I’ll admit it. I was very very introverted this winter, and now as the flowers are opening, and the trees are starting to bloom, and leaf out, I’m starting to bloom a little too. It was a hard winter. We moved. Tommy is putting in long hours at work and doing a ton of personal career advancement work. If I’m being honest (and I am) it’s been pretty rocky.
The girls are on spring break this week, and even though there is no sign of our hectic pace slowing down, I’m just feeling great…after a longish stint of not feeling great.
I’ve been mulling over how to post something about this tough time…so far I’ve come up short, but I’m determined to get it out. I’m usually completely content with my role. I like being the background, rather than being front and center. It’s uncomfortable for me to be in front of many people or to get too much attention.
I suppose that’s one of the reasons I married an extrovert. We compliment each other well. However, when I see him struggle, like now when he is working so hard to advance his career, and I can’t do much of anything about it…I tend to move in a million directions. It’s hard to explain. I feel pulled to help him research or then I think that what I need to do is get a job so that I can help support the family financially to take stress off of him, and then I think that actually that would just bring about different stress. So I think I should start a business on the side. Or maybe I should just focus on keeping the house going really really well so that he doesn’t have to worry about chores, etc.
That uncertainty and questioning of my role is only part of it. There’s a darker, murkier aspect. I’m also jealous of him. While at the same time not wanting to trade places. What he does is visible to others. Not only is it visible, but it gets compensated. People notice him as a professional. People actually ask him about his work. No one asks about mine…aside from other stay at home moms. Some days feel like I might be trapped in a never ending cycle of kids wanting things from me. Those are not fun days.

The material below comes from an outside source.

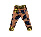 アフリカンワックスプリント布は、服はもちろん、頭に巻いたり、物を包むのにも使われて丈夫なためアフリカでは重宝されています。至るところで使用されていますが、もんぺは日本固有のパンツなのでアフリカには無いと思います。日本とアフリカ文化の融合がポッとするもんぺです。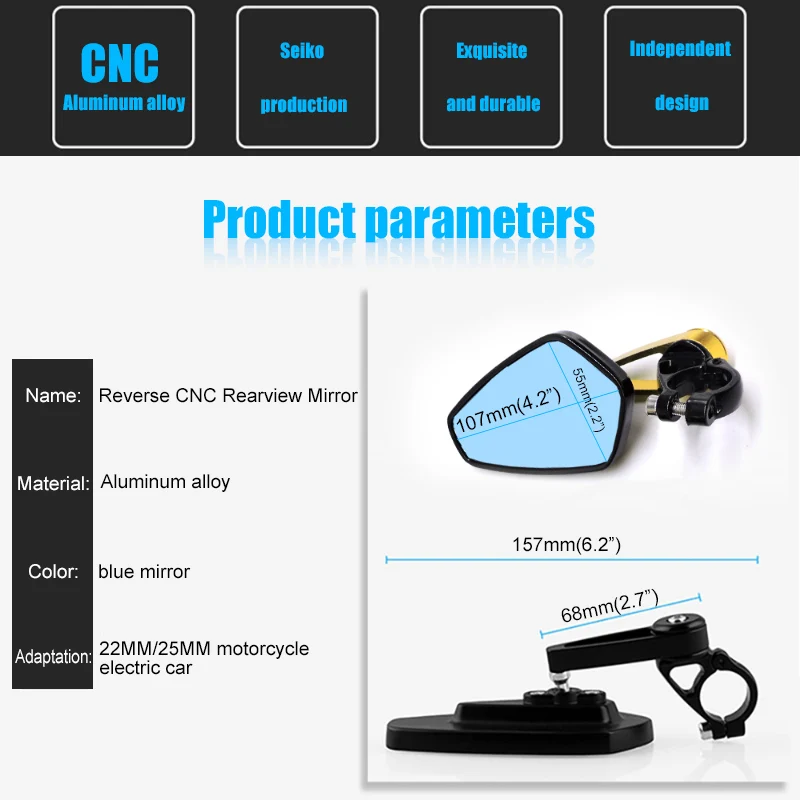 Название: зеркало заднего вида с ЧПУ Материал: Алюминий из алюминиевого сплава Цвет: красный, синий, золотой, черный, серебристый Адаптация: 22 мм/25 мм Электрический мотоцикл

Being the support person means that so much of what you do is only noticed in relationship to what doesn’t get done. I doubt anyone notices that I carefully brush and put my girls’ hair up every single morning. But I’ve had people rudely comment about a child with a tangle in the back of their hair. Certainly no one can see that I have cleaned the toilet twice in one day. But anyone using the bathroom would notice, with disgust, the evidence of a filthy throne. No one notices clean dishes…only the absence of them. So much of what I do on a day to day basis is absolutely and utterly invisible. And sometimes, not all the time, but sometimes that’s painful.
Why do I even care what others think or notice? There is intrinsic value in raising children. There is value in doing all the background work to keep this family afloat. It’s just hard to see that through poopy diapers, afternoons spent nursing, mop water, and chauffeur service.
However, lately it feels like maybe I’m turning a corner. I’m on a roll. I’ve been catching up on bill paying and budget planning this last week. Finances are tight, but we’ve weathered that storm many times before. Today feels joyful.
I’ve come up with a new laundry system for myself, and my day feels a lot less like endless piles of laundry…In fact, I mentioned to a friend recently that I think I may have conquered laundry. It’s been a month without an underwear or towel crisis. I’d love to share more about that in a future post if anyone is interested.
We’re eating good home-cooked meals on the regular.
I’ve been seeing and talking to more friends lately.
The kids got along great today.
Today my work feels valuable. That’s a lot to be grateful for. It isn’t always the case.
What do your dark moments look like? How do you turn it around?